Definido o país, a escolha recairia sobre a Escola Paulista de Medicina (EPM), hoje Universidade Federal de São Paulo (Unifesp), na capital paulista. Pesaram a favor da escola o intenso lobby feito junto à Opas pelos professores da EPM Magid Iunes e Antônio de Mattos Paiva. Outro fator importante foi a nova configuração da escola, que passara à alçada do governo federal – condição essencial para garantir o engajamento do poder público no projeto.

A criação da Bireme, diga-se, estava mais do que justificada. Quase a metade dos pedidos de artigos científicos à Biblioteca Nacional de Medicina dos Estados Unidos (NLM, na sigla em inglês) no final dos anos 1960 provinha de países latino-americanos. Em 1972 a Bireme entraria no mundo da informação eletrônica, com a instalação de um terminal Olivetti operando através do satélite Intersalt com a NLM pelo sistema Medline. Em 1985 a Bireme tornou-se a primeira biblioteca a criar bases de dados em CD-ROM, antecipando uma tendência de armazenamento de informação que se consagraria. O final dos anos 1980 foi marcado pela operação on-line das bases de dados, com a adoção da internet nos anos 1990 com interfaces de pesquisa em espanhol, inglês e português.

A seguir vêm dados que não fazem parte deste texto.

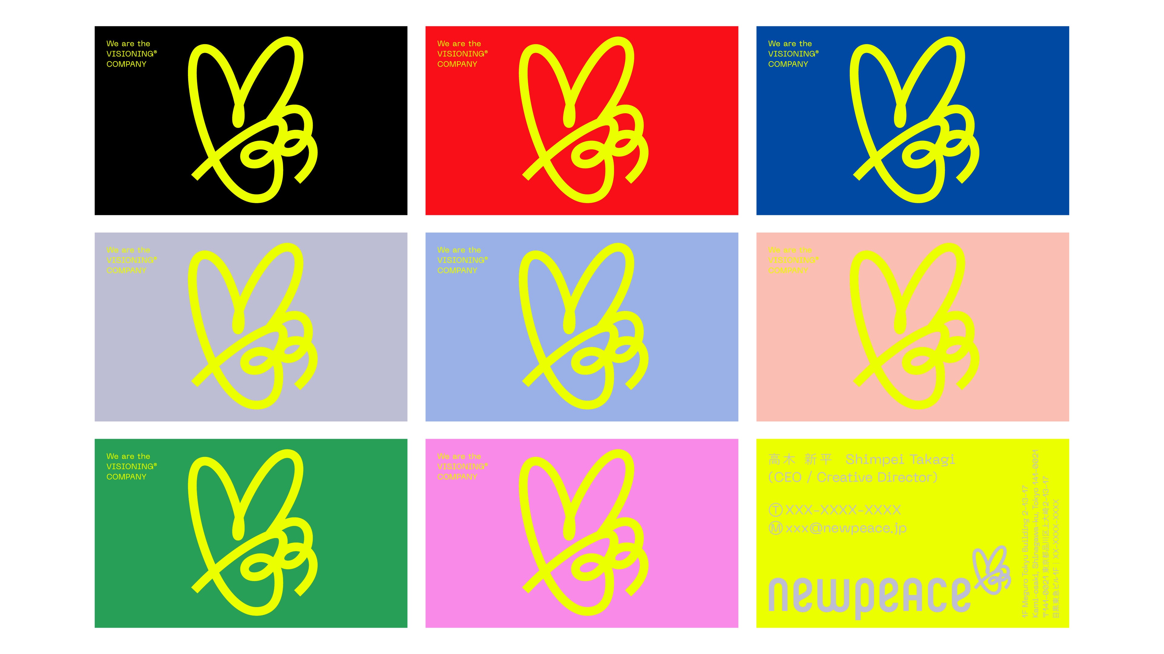 第二創業期を迎えるニューピース。事業拡大に伴うチームの増加やメンバーの増員に伴い、多様性を保ちながらも全員が一丸となるためのVIが求められていました。コンセプトは軽やかさ。ニューピースのみなさんは熱きビジョンを携え、真摯に社会課題に向き合いながらも、軽やかに踊るように新たな世界を描いてるのだと思います。これからもより柔軟に、意味や常識にとらわれずおおらかに活動を続けてもらいたいと考え、気ままに一筆書きで描いたピースマークをシンボルにしました。ロゴタイプもシンボルに合わせデザインしています。色彩はメインカラーであるイエローをより先鋭的な色に調整し、サブカラーとして包容力のある優しい色や、知性を感じるクレバーな色、新鮮さのあるエッジィな色も採用しています。このVIたちが、ニューピースのみなさんの発展の一助になることを願ってます。
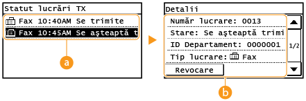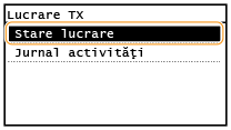 ![]() <Statut lucrări TX>/<Statut lucrări RX>Afişează o listă de documente care sunt trimise şi primite sau aşteaptă să fie procesate.

O lançamento do projeto SciELO, em 1997, da Rede ScienTI, em 2000, e da Biblioteca Cochrane com acesso aberto a toda a América Latina, em 2004, completa os grandes marcos. “Entre os novos desafios da Bireme destaco a necessidade de contribuir para a tradução do conhecimento científico em políticas e a criação de incentivos para que os tomadores de decisão acessem de forma mais sistemática o acervo de conhecimentos”, disse Reinaldo Guimarães, secretário de Ciência, Tecnologia e Insumos Estratégicos do Ministério da Saúde.

Financiada com recursos da Opas, dos ministérios da Saúde e da Educação, da Secretaria da Saúde de São Paulo e da Unifesp e de projetos como do SciELO, a Bireme manteve nestes 40 anos o seu caráter de centro internacional vinculada formalmente à Opas/OMS, mantendo-se distante de ingerências políticas e intempéries orçamentárias. “Por outro lado, ao operar em estreita colaboração com instituições brasileiras, o Brasil propiciou à Bireme e suas redes internacionais a massa crítica que favorece a sua sustentabilidade”, diz Abel Packer.